To set up domain-wide delegation:

  1. Click on the Google Developers Console hamburger menu. menu on the upper-left corner of the Google Developers Console.
  2. Go to API Manager > Credentials.
  3. On the Credentials page, under OAuth 2.0 client IDs, go to the entry for your service account and take note of the Client ID. Credentials page in Google Developers Console displaying the OAuth 2.0 client ID for created service accounts.

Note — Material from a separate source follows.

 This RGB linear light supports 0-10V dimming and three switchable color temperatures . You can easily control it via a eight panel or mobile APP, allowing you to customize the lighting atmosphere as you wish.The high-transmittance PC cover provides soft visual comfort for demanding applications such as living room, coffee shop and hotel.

  4. Go to the Google Apps Admin Console. In the Admin Console, click on Security.
    Select Security to manage security features in the Google Apps admin console.
  5. On the Security page, click Show more.
  6. Click on Advanced settings to expand it.
  7. Under Authentication, click Manage API client access. Select "Manage API client access" under Authentication in Advanced settings on Google Apps admin console.
  8. In Manage API client access, enter:
    1. Client Name: Your Service account Client ID (For example, 116877825065678775170).
    2. One or More API Scopes: For each Google Apps product that you wish to scan, you must apply a different API Scope.
      The following is a list of API Scopes required for DATA RECON to work with each Google Apps service:

      Google Apps service API Scope
      All (required) https://www.googleapis.com/auth/admin.directory.user.readonly
      Google Drive https://www.googleapis.com/auth/drive.readonly
      Google Tasks https://www.googleapis.com/auth/tasks.readonly
      Google Calendar https://www.googleapis.com/auth/calendar.readonly
    3. Click Authorize.

Add Credentials

  1. In the main menu, click on No usernames or passwords.

    Click "No usernames or passwords" to add credentials for a Google Target in the Data Recon dashboard.

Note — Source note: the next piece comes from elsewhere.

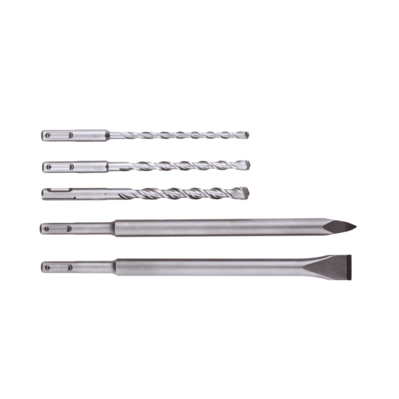 je 1 Hammerbohrer Ø 6x160mm, 8x160mm, 10x160mm, 1 Spitzmeißel 250mm und 1 Flachmeissel 250x20mm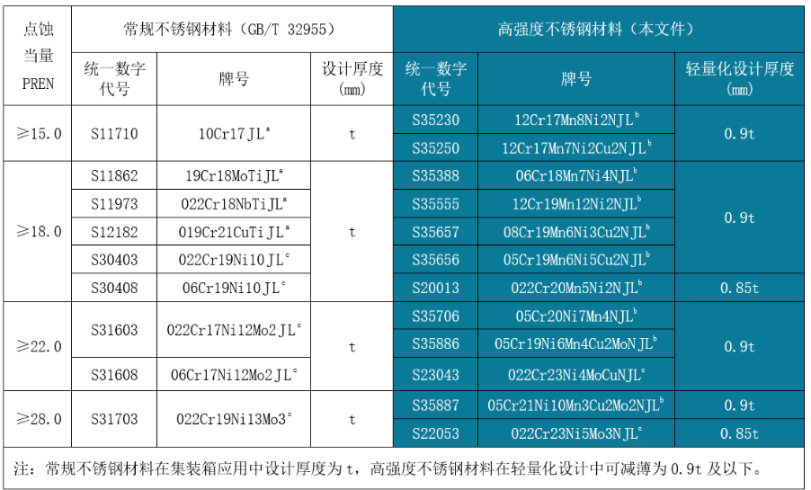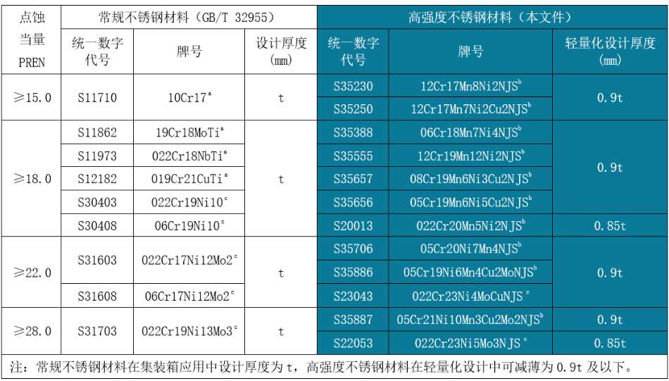 表1:冷藏集装箱用高强度不锈钢轻量化推荐设计表(摘录于YB/T 6352-2025附录D)

  2. In the Search target credentials dialog box, click + Add and select one of the following Target types:
    • Google Docs
    • Google Tasks
    • Google Calendars
  3. Fill in the following fields:
    • Target location: Enter the Google Apps domain.
    • Username: Enter a Google Apps domain administrator email address.

    • Password: Leave blank.
  4. Click + Add again, and select the same Target type.
  5. Fill in the following fields:
    • Target location: Enter the Google Apps domain used in step 2.
    • Username: Enter the service account name obtained in Create a Service Account.
    • Password: Enter the file name of the P12 key obtained in Create a Service Account. The P12 key must be saved in the same folder as the DATA RECON executable.
  6. (Optional) Under Encrypt credentials enter a master password to encrypt stored credentials.

    Credentials are only saved if:
  7. Click Ok.

Add Target

  1. In the main menu, click on Search all local files.
    Click "Search all local files" to bring up "Search targets" dialog box to add a Google Apps Target in Data Recon.
  2. In the Search targets dialog box, click + Add and select Cloud Storage.
  3. Select one of the following and click + to expand the selection:
    • Google Drive
    • Google Tasks
    • Google Calendars
  4. In the Add Google Apps domain field, enter the Google Apps domain name.

  5. Press Enter to add the specified Google Apps domain as a Target.
  6. (Optional) Click + to expand the added Target and select specific objects to scan.
  7. Click Select and then Ok to finish adding the Google Target.